Pictures are to be left out. Return exactly the lines below from the one with "Templates may not" up to and including the one with "Cartão Postal Marinho".

Given information below:

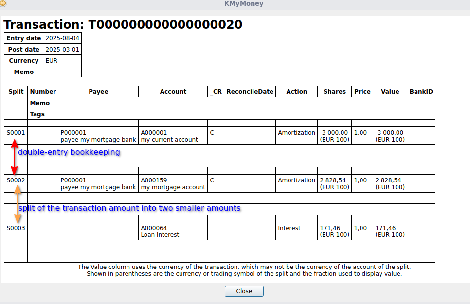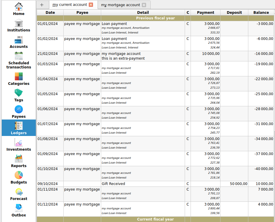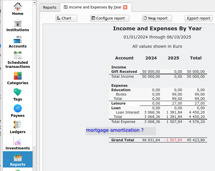 => this result in a satisfying report, i see the mortgage amortization part and the grand total 2024 = 4.000 €
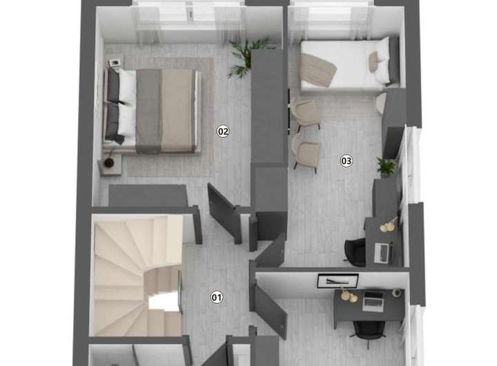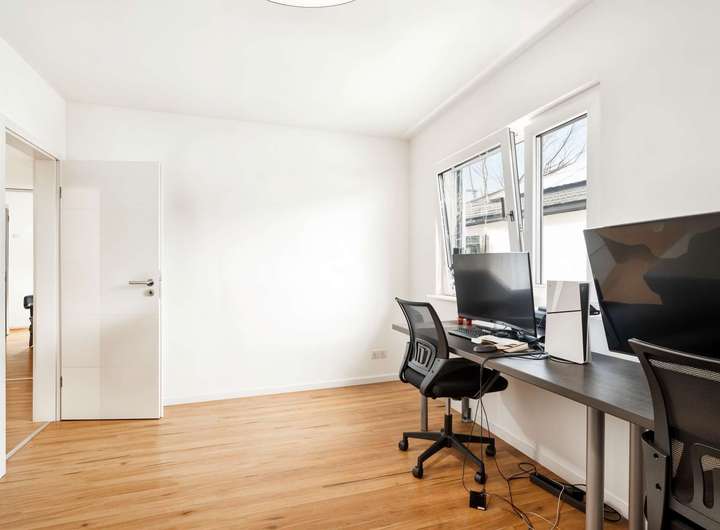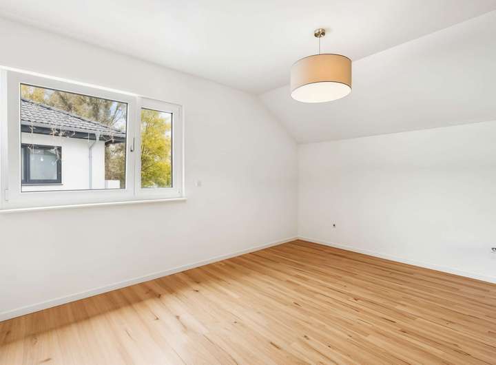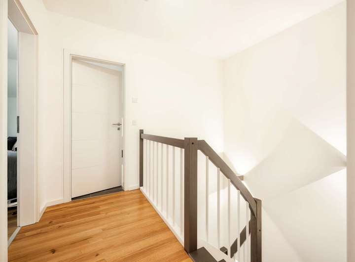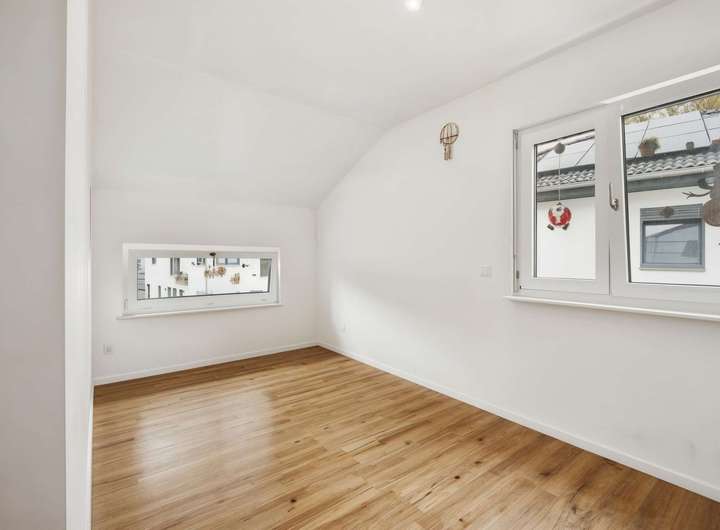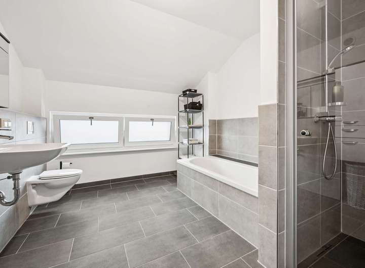 Im Obergeschoss setzt sich diese Atmosphäre fort. Drei großzügige Zimmer eröffnen vielfältige Nutzungsmöglichkeiten – als Schlafzimmer, Home-Office, Kinderzimmer oder kreativer Rückzugsort. Das stilvolle Badezimmer mit ebenerdiger Dusche und Badewanne wurde mit viel Liebe zum Detail gestaltet und verwandelt den täglichen Ablauf in einen Moment des Wohlfühlens. Über eine unauffällig integrierte Zugangslösung erreicht man zudem den Spitzboden, der dank seiner Fläche wertvollen zusätzlichen Stauraum schafft.
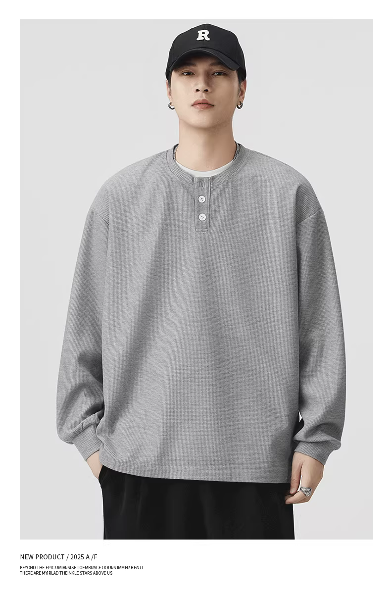 Áo thun nam cổ Henry chất liệu vải waffle dày dặn, kiểu dáng Mỹ mùa thu, áo len rộng rãi, áo thun dài tay mặc thường ngày, lớp áo lót.
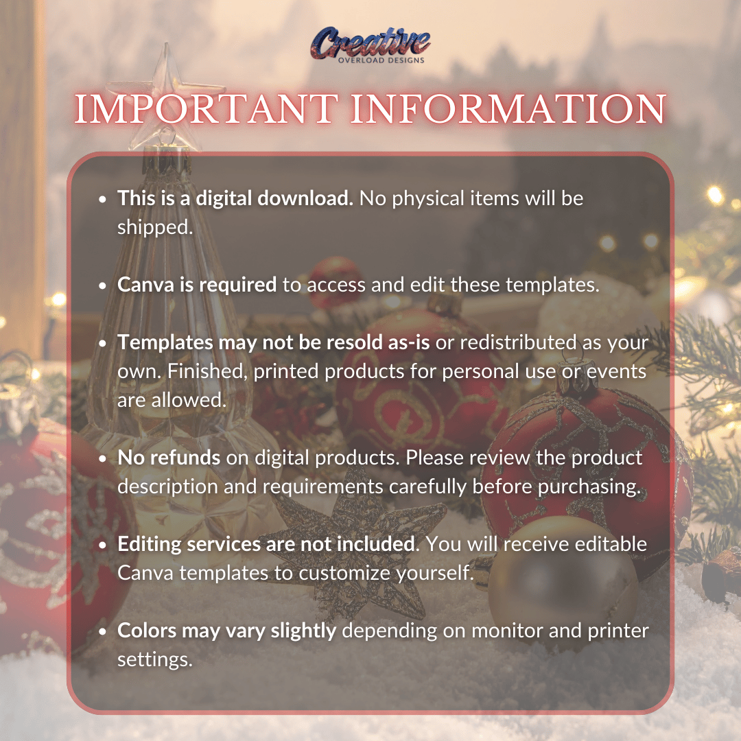 Templates may not be resold as-is or redistributed as your own. Finished, printed products for personal use or events are allowed.
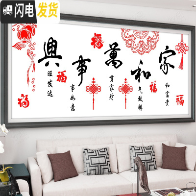 三维工匠十字绣2019新款绣和字字画简约现代客厅家和万事兴 [丝线款]180*70cm/送工具-中格3股-无图纸-白底不
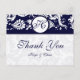 Cartão Postal Marinho Trim Damask Swirings Obrigado Placas
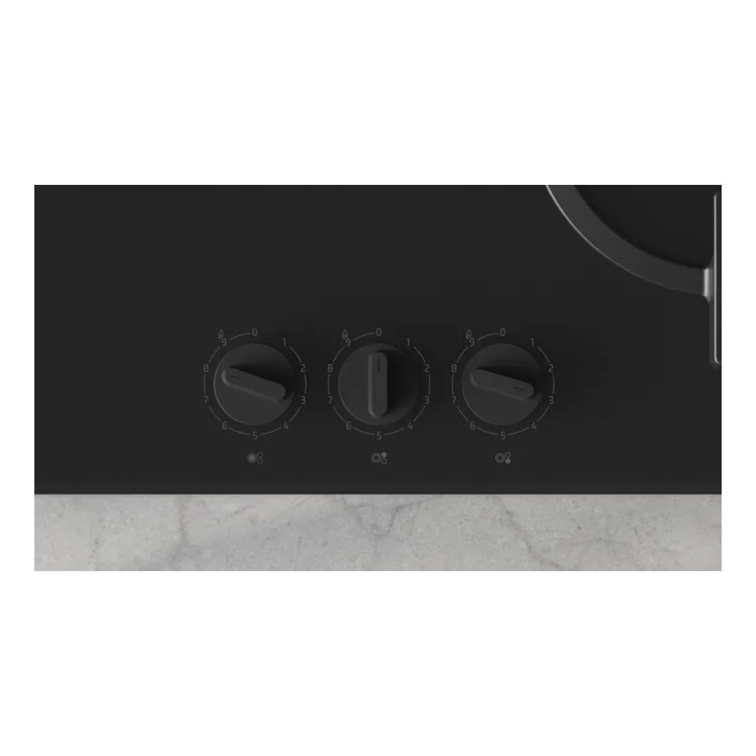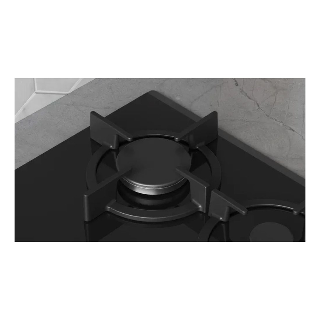 Esta placa de gas combina un cristal negro resistente con tres fuegos muy bien distribuidos, incluido un potente quemador Wok que facilita recetas rápidas y preparaciones que necesitan intensidad. Su diseño encaja de forma limpia en encimeras de 60 cm y aporta un toque elegante que transforma cualquier cocina. Es una opción ideal para quienes buscan una mezcla equilibrada entre estética moderna y una experiencia de cocinado tradicional.
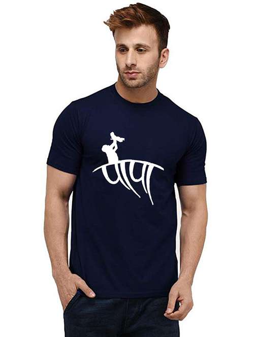 men round neck front print cotton t-shirt
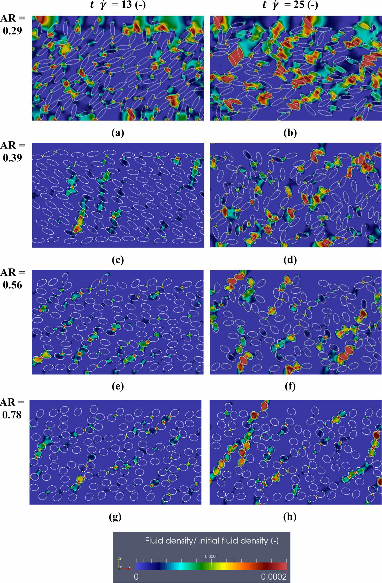 As shown in Figure 7, as AR varied, fluid density distributions in the calculated fluid domain appeared for AR = 0.29–0.78 at non-dimensional times of 13 and 25, separately. At a non-dimensional time of 13, the particles tended to move along the flow direction for all cases. The particles near the wall with an applied shear force nearly maintained their initial state, except when AR = 0.29. However, the particles located near the centerline experienced tumbling motion with an ordered structure. At a non-dimensional time of 25, the particles exhibited disordered structures for all cases. The spheroidal particles showed intriguing behaviors, especially for AR =0.29 and 0.39, as shown in Figures 7(a)-(d), in which their shapes promoted rolling or tumbling motions when a shear flow was applied.25 Such remarkable particle behaviors led to more connections with the surrounding particles with steric interactions, binding the particle hydrodynamic cluster chains. The rotational motion determined the motion characteristics of almost all the particles at high particle Reynolds numbers.35 Based on the interactions between the tumbling and rotational motions from the vorticity caused by the shear flow and the collisions with obstacles by the translational motion of the particles, the repulsion on the particle surfaces were due to hydrodynamic effects. Furthermore, in the higher density regime, i.e.over-crawling regime, the distribution expanded partially with decreasing AR, where particles tend to push into groups.36 The elongated surfaces of the particles led to partial concentrations for two reasons: the deflection of the flow lines of the fluid surrounding the particles was less sensitive for the same-sized spheres, and the increased particle surface enhanced the probability of particle-particle interactions. This frequently occurs for high shear rates and high particle volume fractions because the microstructure transitions to a disordered state.37 Above AR = 0.56, the particles with flowing fluid exhibited uniform alignment because the number of particle-particle interactions decreased, and these particles could change their orientation to the flow direction (x-direction). For the highest value of AR examined, which was close to a spherical shape (AR = 0.78), the simpler geometry and lower surface area than those of the oblate spheroidal aggregate experienced a reduction in friction, which promoted a sliding process.
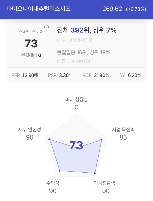 | 파이오니어 내추럴 리소시즈 주가 분석. (자료=초이스스탁) |

End of Given information.

§ Answer below
 Templates may not be resold as-is or redistributed as your own. Finished, printed products for personal use or events are allowed.
 三维工匠十字绣2019新款绣和字字画简约现代客厅家和万事兴 [丝线款]180*70cm/送工具-中格3股-无图纸-白底不
 Cartão Postal Marinho Trim Damask Swirings Obrigado Placas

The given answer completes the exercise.